• Input records:
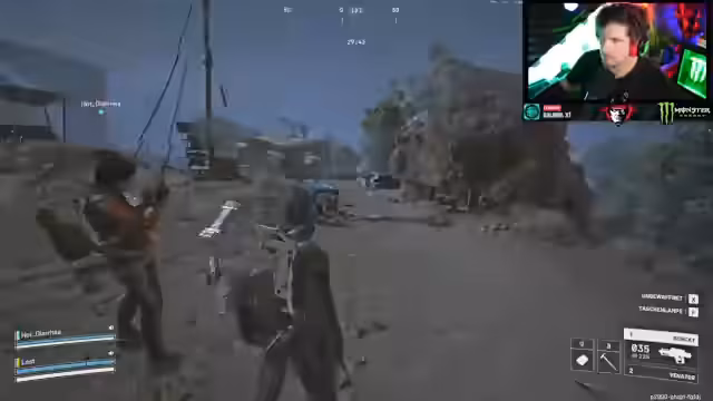 02:37:21Der Streamer positioniert sich im Nahkampf. Er beschäftigt sich mit einem gegnerischen Spieler, der stark ausgerüstet erscheint („stacked“). Er erwähnt, dass zwei Gegner im Solo-Modus sind und es „unlucky“ findet, dass ihm das Spiel keinen Vorteil gibt. Er schlägt einem anderen Spieler vor, sich zu verbünden, um PvE zu machen, doch der lehnt ab. Der Streamer kämpft gegen einen Gegner, der sich in einem Loch verschanzt hat („Bunkerbude“), und schießt ihn nach einem längeren Duell nieder.
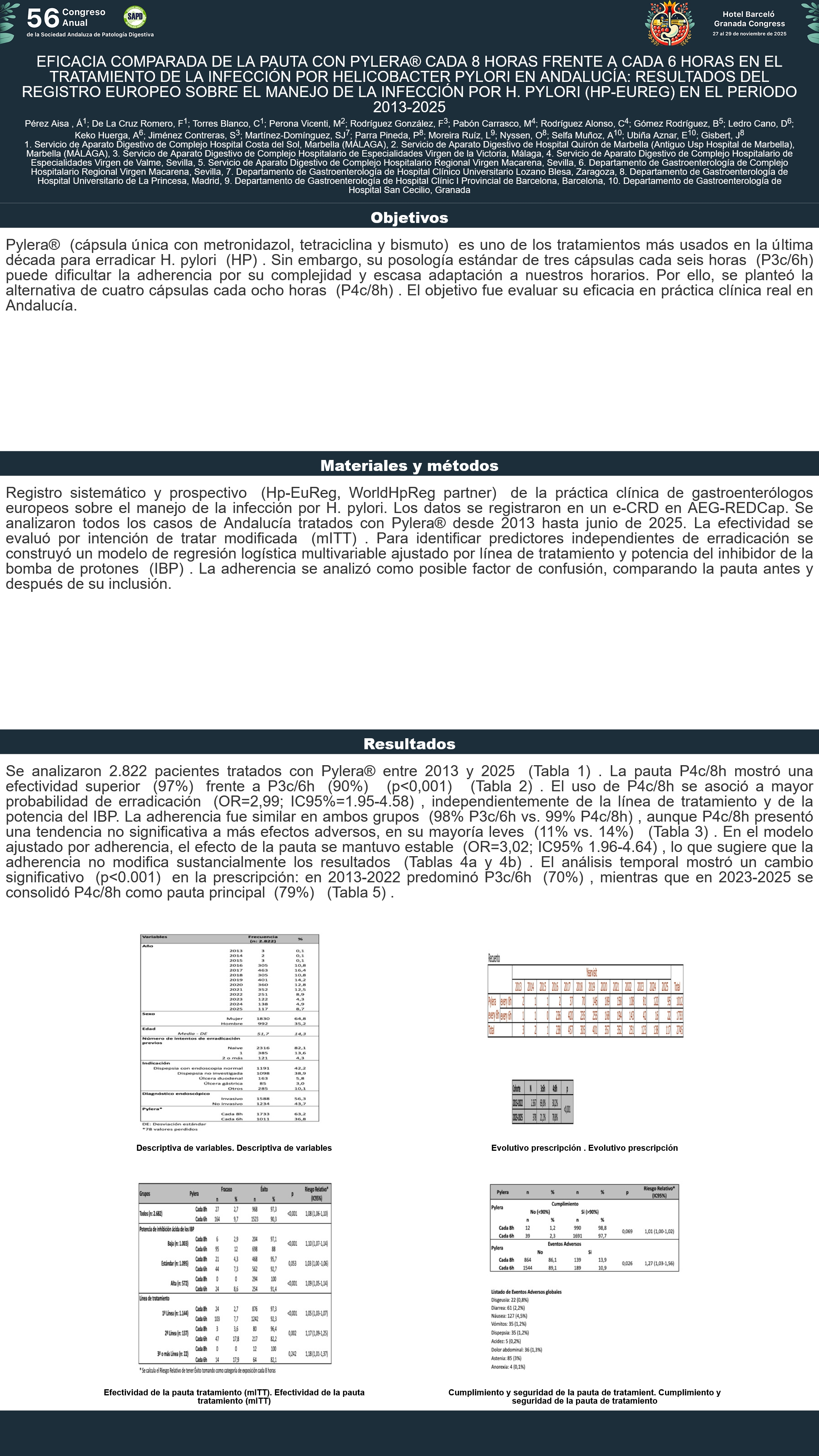 [CO-11] EFICACIA COMPARADA DE LA PAUTA CON PYLERA® CADA 8 HORAS FRENTE A CADA 6 HORAS EN EL TRATAMIENTO DE LA INFECCIÓN POR HELICOBACTER PYLORI EN ANDALUCÍA: RESULTADOS DEL REGISTRO EUROPEO SOBRE EL MANEJO DE LA INFECCIÓN POR H. PYLORI (HP-EUREG) EN EL PERIODO 2013-2025
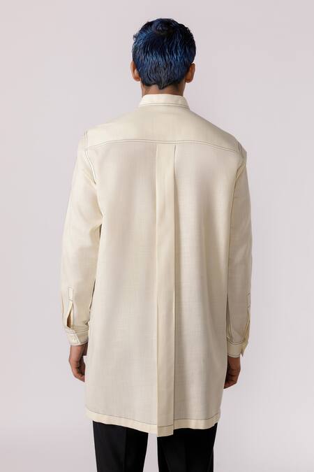 Off white cotton shirt featuring a collar neckline and full sleeves
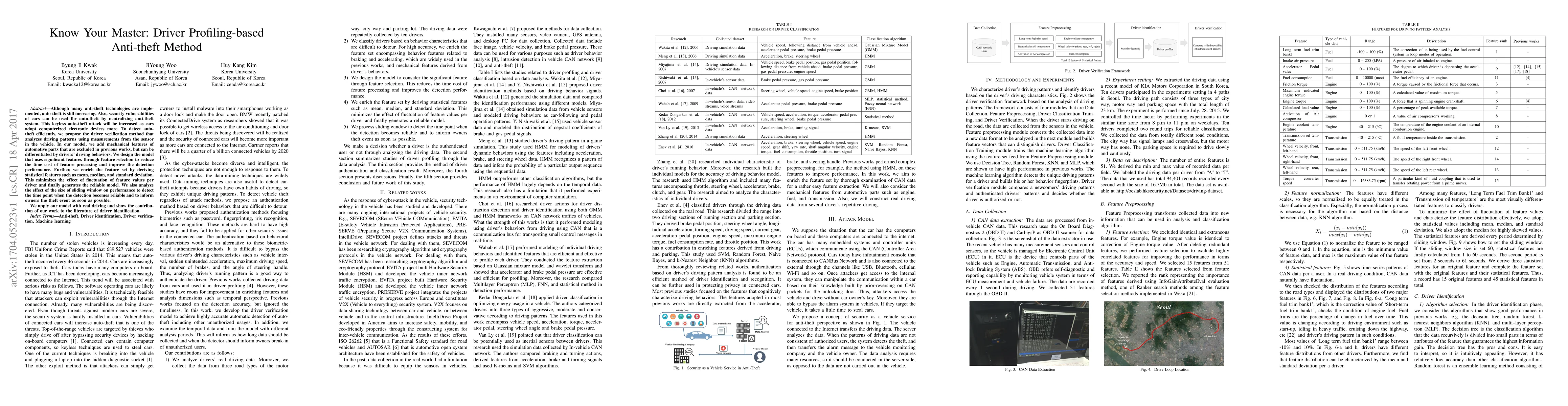 Although many anti-theft technologies are implemented, auto-theft is still increasing. Also, security vulnerabilities of cars can be used for auto-theft by neutralizing anti-theft system. This keyless auto-theft attack will be increased as cars adopt computerized electronic devices more. To detect auto-theft efficiently, we propose the driver verification method that analyzes driving patterns using measurements from the sensor in the vehicle. In our model, we add mechanical features of automotive parts that are excluded in previous works, but can be differentiated by drivers' driving behaviors. We design the model that uses significant features through feature selection to reduce the time cost of feature processing and improve the detection performance. Further, we enrich the feature set by deriving statistical features such as mean, median, and standard deviation. This minimizes the effect of fluctuation of feature values per driver and finally generates the reliable model. We also analyze the effect of the size of sliding window on performance to detect the time point when the detection becomes reliable and to inform owners the theft event as soon as possible. We apply our model with real driving and show the contribution of our work to the literature of driver identification.
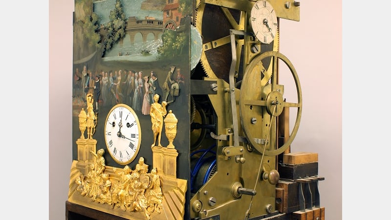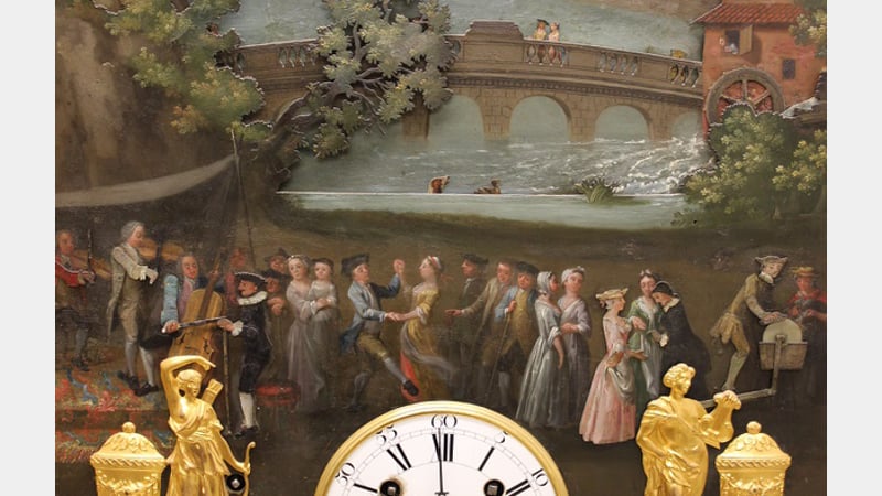 The Pyke organ clock has a multi-layered painted iron dial which shows a view of life in the eighteenth century. Rather than being just a decorated clock dial to show the hours or date, it is an extension of the organ movement. The dial has automata that are driven by the movement as the music plays. It was clearly designed to entertain; telling the time was a minor part of this clock's purpose.
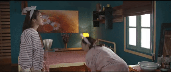 Phim Nhà Trọ Balanha có nội dung vui nhộn như thế nhưng Quỳnh Kool cũng hai lần chịu đau. Đầu tiên, cô bị Trần Vân lao tới ra tay cực bất ngờ như thế này.
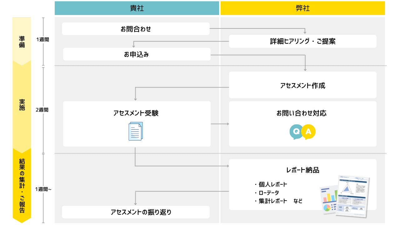 どのコンテンツを受講すればよいかなど、アセスメント受講後の学習まで伴走サポートいたします。

• Work to complete: Leaving out the pictures, return the records exactly as given.

• Solved exercise:
 02:37:21Der Streamer positioniert sich im Nahkampf. Er beschäftigt sich mit einem gegnerischen Spieler, der stark ausgerüstet erscheint („stacked“). Er erwähnt, dass zwei Gegner im Solo-Modus sind und es „unlucky“ findet, dass ihm das Spiel keinen Vorteil gibt. Er schlägt einem anderen Spieler vor, sich zu verbünden, um PvE zu machen, doch der lehnt ab. Der Streamer kämpft gegen einen Gegner, der sich in einem Loch verschanzt hat („Bunkerbude“), und schießt ihn nach einem längeren Duell nieder.
 [CO-11] EFICACIA COMPARADA DE LA PAUTA CON PYLERA® CADA 8 HORAS FRENTE A CADA 6 HORAS EN EL TRATAMIENTO DE LA INFECCIÓN POR HELICOBACTER PYLORI EN ANDALUCÍA: RESULTADOS DEL REGISTRO EUROPEO SOBRE EL MANEJO DE LA INFECCIÓN POR H. PYLORI (HP-EUREG) EN EL PERIODO 2013-2025
 Off white cotton shirt featuring a collar neckline and full sleeves
 Although many anti-theft technologies are implemented, auto-theft is still increasing. Also, security vulnerabilities of cars can be used for auto-theft by neutralizing anti-theft system. This keyless auto-theft attack will be increased as cars adopt computerized electronic devices more. To detect auto-theft efficiently, we propose the driver verification method that analyzes driving patterns using measurements from the sensor in the vehicle. In our model, we add mechanical features of automotive parts that are excluded in previous works, but can be differentiated by drivers' driving behaviors. We design the model that uses significant features through feature selection to reduce the time cost of feature processing and improve the detection performance. Further, we enrich the feature set by deriving statistical features such as mean, median, and standard deviation. This minimizes the effect of fluctuation of feature values per driver and finally generates the reliable model. We also analyze the effect of the size of sliding window on performance to detect the time point when the detection becomes reliable and to inform owners the theft event as soon as possible. We apply our model with real driving and show the contribution of our work to the literature of driver identification.
 The Pyke organ clock has a multi-layered painted iron dial which shows a view of life in the eighteenth century. Rather than being just a decorated clock dial to show the hours or date, it is an extension of the organ movement. The dial has automata that are driven by the movement as the music plays. It was clearly designed to entertain; telling the time was a minor part of this clock's purpose.
 Phim Nhà Trọ Balanha có nội dung vui nhộn như thế nhưng Quỳnh Kool cũng hai lần chịu đau. Đầu tiên, cô bị Trần Vân lao tới ra tay cực bất ngờ như thế này.
 どのコンテンツを受講すればよいかなど、アセスメント受講後の学習まで伴走サポートいたします。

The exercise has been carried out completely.